WHAT YOU SHOULD DO: Leave the pictures behind and reproduce every line of the listing exactly.

DATA PROVIDED:
******************************
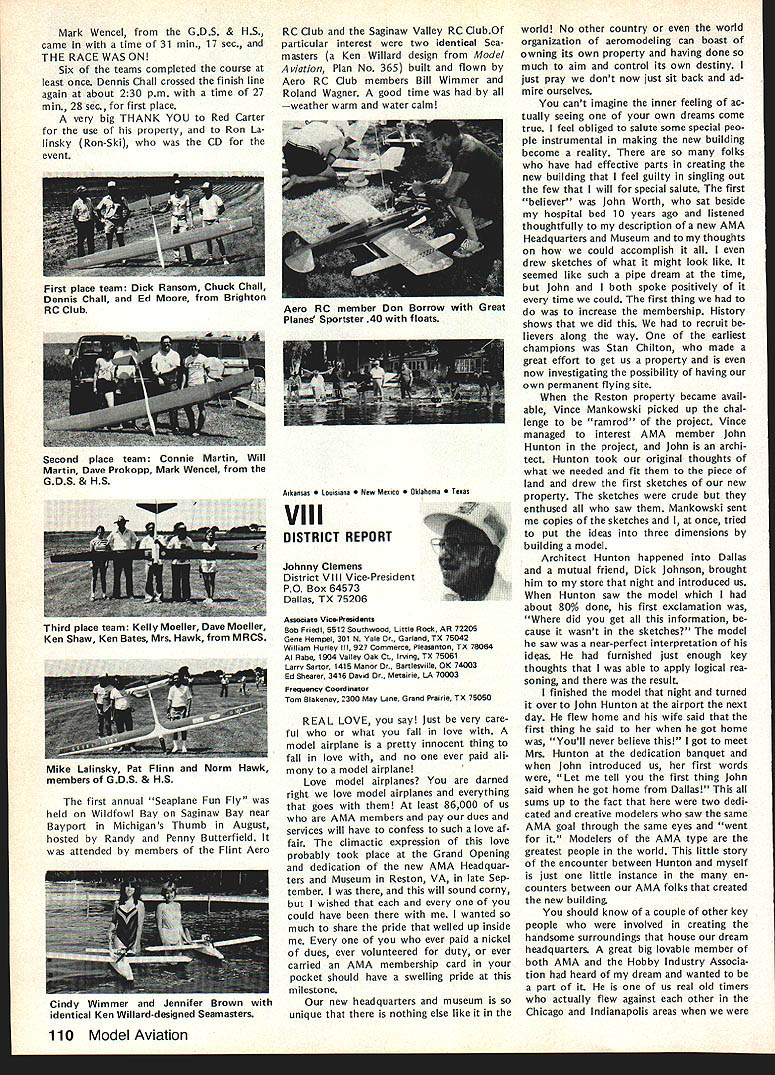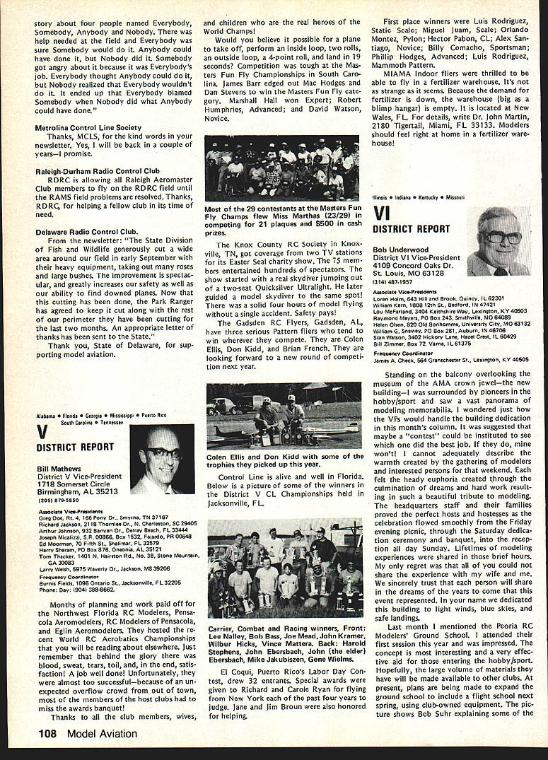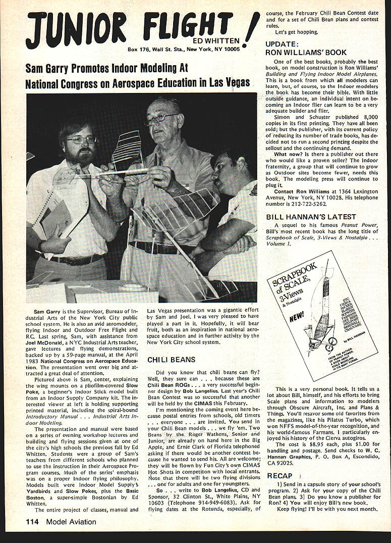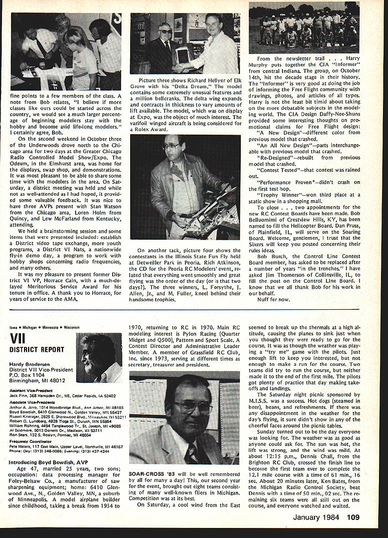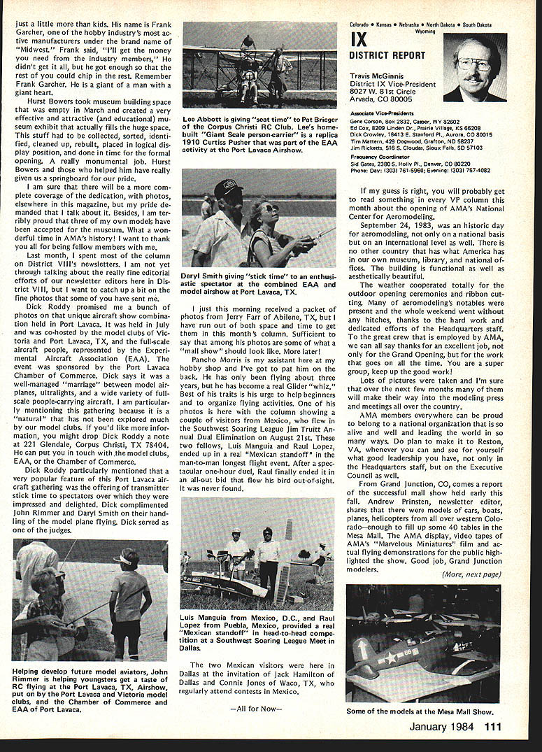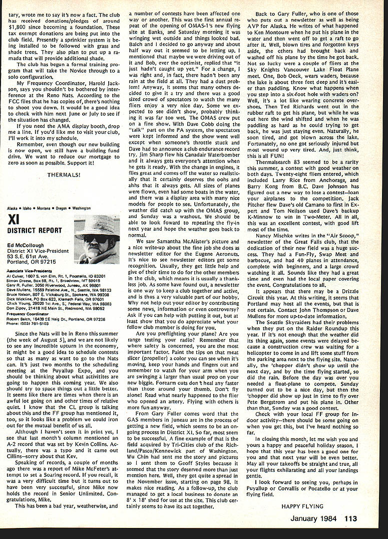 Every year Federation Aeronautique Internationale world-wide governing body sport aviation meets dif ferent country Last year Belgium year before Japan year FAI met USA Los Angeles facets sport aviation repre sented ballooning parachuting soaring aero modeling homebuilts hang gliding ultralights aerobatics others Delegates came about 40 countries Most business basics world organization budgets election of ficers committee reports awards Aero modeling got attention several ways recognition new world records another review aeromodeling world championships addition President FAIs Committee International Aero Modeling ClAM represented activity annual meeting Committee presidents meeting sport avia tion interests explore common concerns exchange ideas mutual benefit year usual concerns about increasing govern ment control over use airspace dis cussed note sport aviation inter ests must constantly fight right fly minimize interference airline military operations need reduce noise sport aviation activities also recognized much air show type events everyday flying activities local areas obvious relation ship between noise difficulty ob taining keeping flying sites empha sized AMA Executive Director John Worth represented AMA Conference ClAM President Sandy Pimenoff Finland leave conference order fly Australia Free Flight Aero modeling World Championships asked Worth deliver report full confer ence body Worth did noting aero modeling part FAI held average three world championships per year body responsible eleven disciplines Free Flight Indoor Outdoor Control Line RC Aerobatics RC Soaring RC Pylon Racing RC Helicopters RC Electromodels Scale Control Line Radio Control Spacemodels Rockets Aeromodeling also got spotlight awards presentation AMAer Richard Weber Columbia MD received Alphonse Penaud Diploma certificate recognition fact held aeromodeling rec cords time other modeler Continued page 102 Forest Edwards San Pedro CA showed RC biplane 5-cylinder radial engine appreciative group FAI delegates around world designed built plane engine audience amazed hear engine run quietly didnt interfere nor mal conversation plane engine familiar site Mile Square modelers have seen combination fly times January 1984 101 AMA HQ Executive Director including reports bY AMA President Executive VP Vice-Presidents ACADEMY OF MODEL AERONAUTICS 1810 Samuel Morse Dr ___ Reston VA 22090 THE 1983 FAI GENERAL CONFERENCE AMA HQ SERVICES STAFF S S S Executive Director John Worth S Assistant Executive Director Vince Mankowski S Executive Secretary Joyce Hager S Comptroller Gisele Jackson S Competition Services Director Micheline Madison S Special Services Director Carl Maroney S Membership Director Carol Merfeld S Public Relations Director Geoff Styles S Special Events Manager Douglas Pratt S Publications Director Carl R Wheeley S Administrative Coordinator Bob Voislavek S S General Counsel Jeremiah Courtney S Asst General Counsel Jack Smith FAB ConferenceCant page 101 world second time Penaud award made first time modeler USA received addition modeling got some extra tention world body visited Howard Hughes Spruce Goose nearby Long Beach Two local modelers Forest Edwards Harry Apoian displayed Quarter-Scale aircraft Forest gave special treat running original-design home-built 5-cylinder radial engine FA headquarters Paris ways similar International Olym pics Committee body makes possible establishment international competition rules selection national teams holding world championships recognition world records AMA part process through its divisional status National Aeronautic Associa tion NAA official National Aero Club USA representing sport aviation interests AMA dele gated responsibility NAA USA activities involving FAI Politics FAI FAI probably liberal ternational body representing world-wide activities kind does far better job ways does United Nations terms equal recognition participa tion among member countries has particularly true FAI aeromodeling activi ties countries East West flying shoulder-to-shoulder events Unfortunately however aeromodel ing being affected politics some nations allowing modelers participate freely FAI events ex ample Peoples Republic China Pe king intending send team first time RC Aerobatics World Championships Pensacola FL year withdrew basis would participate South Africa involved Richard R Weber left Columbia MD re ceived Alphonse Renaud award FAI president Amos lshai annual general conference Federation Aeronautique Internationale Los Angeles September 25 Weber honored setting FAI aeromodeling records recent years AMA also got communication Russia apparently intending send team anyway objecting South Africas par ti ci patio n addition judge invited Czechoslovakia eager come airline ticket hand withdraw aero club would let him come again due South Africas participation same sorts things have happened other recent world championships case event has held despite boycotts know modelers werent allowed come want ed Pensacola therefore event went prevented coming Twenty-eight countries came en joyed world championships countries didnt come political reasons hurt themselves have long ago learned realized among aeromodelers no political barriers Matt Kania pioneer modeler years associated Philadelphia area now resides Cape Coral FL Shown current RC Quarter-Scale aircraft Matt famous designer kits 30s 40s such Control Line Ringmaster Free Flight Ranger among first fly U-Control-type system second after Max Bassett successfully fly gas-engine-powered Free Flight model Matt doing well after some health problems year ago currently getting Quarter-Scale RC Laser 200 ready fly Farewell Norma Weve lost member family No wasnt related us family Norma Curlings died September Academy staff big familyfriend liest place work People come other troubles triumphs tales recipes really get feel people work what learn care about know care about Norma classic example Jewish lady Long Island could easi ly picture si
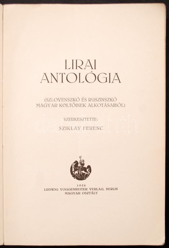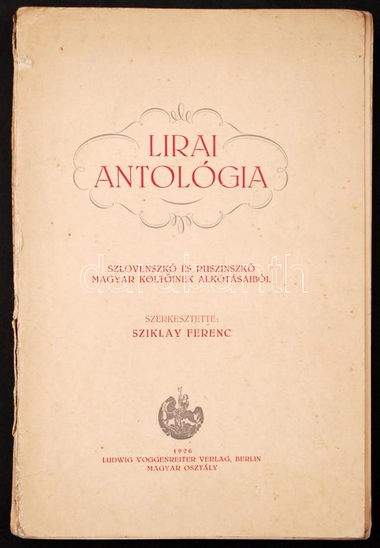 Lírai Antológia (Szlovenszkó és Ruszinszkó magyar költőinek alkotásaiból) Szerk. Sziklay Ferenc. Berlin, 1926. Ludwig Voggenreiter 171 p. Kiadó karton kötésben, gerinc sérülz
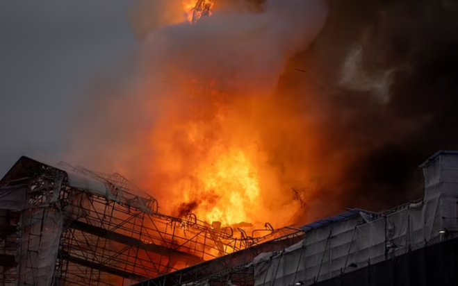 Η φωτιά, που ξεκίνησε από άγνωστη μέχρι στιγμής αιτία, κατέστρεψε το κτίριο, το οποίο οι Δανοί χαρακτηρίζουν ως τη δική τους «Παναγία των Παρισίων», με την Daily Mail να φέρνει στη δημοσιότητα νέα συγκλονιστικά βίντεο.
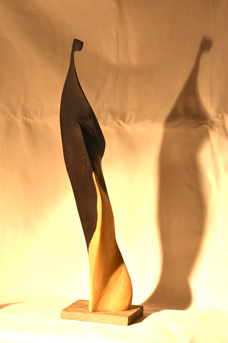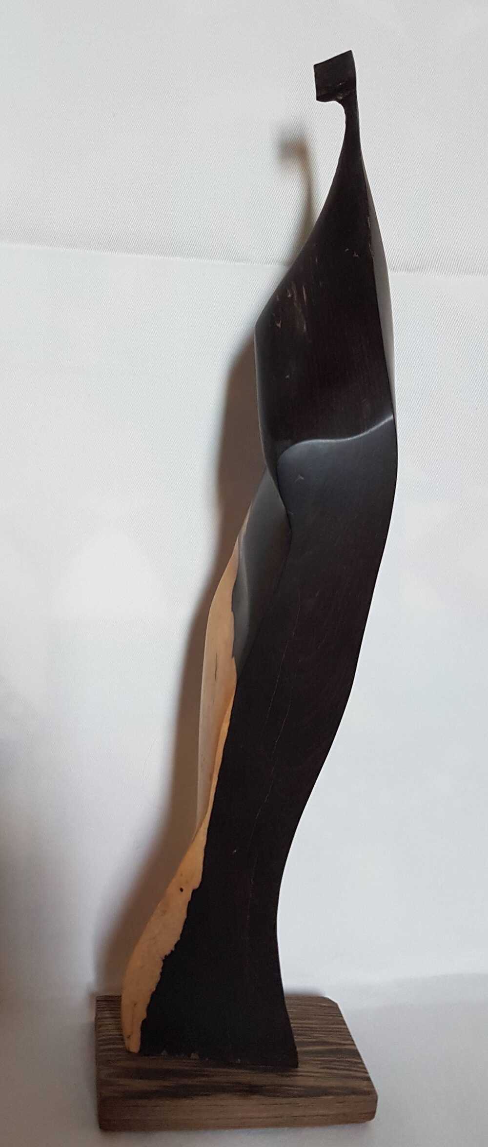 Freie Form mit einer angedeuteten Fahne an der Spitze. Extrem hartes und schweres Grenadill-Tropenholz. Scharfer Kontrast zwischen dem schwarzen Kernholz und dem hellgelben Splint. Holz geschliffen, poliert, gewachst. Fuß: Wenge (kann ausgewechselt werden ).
******************************
RESPONSE TO THIS TASK:
 Every year Federation Aeronautique Internationale world-wide governing body sport aviation meets dif ferent country Last year Belgium year before Japan year FAI met USA Los Angeles facets sport aviation repre sented ballooning parachuting soaring aero modeling homebuilts hang gliding ultralights aerobatics others Delegates came about 40 countries Most business basics world organization budgets election of ficers committee reports awards Aero modeling got attention several ways recognition new world records another review aeromodeling world championships addition President FAIs Committee International Aero Modeling ClAM represented activity annual meeting Committee presidents meeting sport avia tion interests explore common concerns exchange ideas mutual benefit year usual concerns about increasing govern ment control over use airspace dis cussed note sport aviation inter ests must constantly fight right fly minimize interference airline military operations need reduce noise sport aviation activities also recognized much air show type events everyday flying activities local areas obvious relation ship between noise difficulty ob taining keeping flying sites empha sized AMA Executive Director John Worth represented AMA Conference ClAM President Sandy Pimenoff Finland leave conference order fly Australia Free Flight Aero modeling World Championships asked Worth deliver report full confer ence body Worth did noting aero modeling part FAI held average three world championships per year body responsible eleven disciplines Free Flight Indoor Outdoor Control Line RC Aerobatics RC Soaring RC Pylon Racing RC Helicopters RC Electromodels Scale Control Line Radio Control Spacemodels Rockets Aeromodeling also got spotlight awards presentation AMAer Richard Weber Columbia MD received Alphonse Penaud Diploma certificate recognition fact held aeromodeling rec cords time other modeler Continued page 102 Forest Edwards San Pedro CA showed RC biplane 5-cylinder radial engine appreciative group FAI delegates around world designed built plane engine audience amazed hear engine run quietly didnt interfere nor mal conversation plane engine familiar site Mile Square modelers have seen combination fly times January 1984 101 AMA HQ Executive Director including reports bY AMA President Executive VP Vice-Presidents ACADEMY OF MODEL AERONAUTICS 1810 Samuel Morse Dr ___ Reston VA 22090 THE 1983 FAI GENERAL CONFERENCE AMA HQ SERVICES STAFF S S S Executive Director John Worth S Assistant Executive Director Vince Mankowski S Executive Secretary Joyce Hager S Comptroller Gisele Jackson S Competition Services Director Micheline Madison S Special Services Director Carl Maroney S Membership Director Carol Merfeld S Public Relations Director Geoff Styles S Special Events Manager Douglas Pratt S Publications Director Carl R Wheeley S Administrative Coordinator Bob Voislavek S S General Counsel Jeremiah Courtney S Asst General Counsel Jack Smith FAB ConferenceCant page 101 world second time Penaud award made first time modeler USA received addition modeling got some extra tention world body visited Howard Hughes Spruce Goose nearby Long Beach Two local modelers Forest Edwards Harry Apoian displayed Quarter-Scale aircraft Forest gave special treat running original-design home-built 5-cylinder radial engine FA headquarters Paris ways similar International Olym pics Committee body makes possible establishment international competition rules selection national teams holding world championships recognition world records AMA part process through its divisional status National Aeronautic Associa tion NAA official National Aero Club USA representing sport aviation interests AMA dele gated responsibility NAA USA activities involving FAI Politics FAI FAI probably liberal ternational body representing world-wide activities kind does far better job ways does United Nations terms equal recognition participa tion among member countries has particularly true FAI aeromodeling activi ties countries East West flying shoulder-to-shoulder events Unfortunately however aeromodel ing being affected politics some nations allowing modelers participate freely FAI events ex ample Peoples Republic China Pe king intending send team first time RC Aerobatics World Championships Pensacola FL year withdrew basis would participate South Africa involved Richard R Weber left Columbia MD re ceived Alphonse Renaud award FAI president Amos lshai annual general conference Federation Aeronautique Internationale Los Angeles September 25 Weber honored setting FAI aeromodeling records recent years AMA also got communication Russia apparently intending send team anyway objecting South Africas par ti ci patio n addition judge invited Czechoslovakia eager come airline ticket hand withdraw aero club would let him come again due South Africas participation same sorts things have happened other recent world championships case event has held despite boycotts know modelers werent allowed come want ed Pensacola therefore event went prevented coming Twenty-eight countries came en joyed world championships countries didnt come political reasons hurt themselves have long ago learned realized among aeromodelers no political barriers Matt Kania pioneer modeler years associated Philadelphia area now resides Cape Coral FL Shown current RC Quarter-Scale aircraft Matt famous designer kits 30s 40s such Control Line Ringmaster Free Flight Ranger among first fly U-Control-type system second after Max Bassett successfully fly gas-engine-powered Free Flight model Matt doing well after some health problems year ago currently getting Quarter-Scale RC Laser 200 ready fly Farewell Norma Weve lost member family No wasnt related us family Norma Curlings died September Academy staff big familyfriend liest place work People come other troubles triumphs tales recipes really get feel people work what learn care about know care about Norma classic example Jewish lady Long Island could easi ly picture si
 Lírai Antológia (Szlovenszkó és Ruszinszkó magyar költőinek alkotásaiból) Szerk. Sziklay Ferenc. Berlin, 1926. Ludwig Voggenreiter 171 p. Kiadó karton kötésben, gerinc sérülz
 Η φωτιά, που ξεκίνησε από άγνωστη μέχρι στιγμής αιτία, κατέστρεψε το κτίριο, το οποίο οι Δανοί χαρακτηρίζουν ως τη δική τους «Παναγία των Παρισίων», με την Daily Mail να φέρνει στη δημοσιότητα νέα συγκλονιστικά βίντεο.
 Freie Form mit einer angedeuteten Fahne an der Spitze. Extrem hartes und schweres Grenadill-Tropenholz. Scharfer Kontrast zwischen dem schwarzen Kernholz und dem hellgelben Splint. Holz geschliffen, poliert, gewachst. Fuß: Wenge (kann ausgewechselt werden ).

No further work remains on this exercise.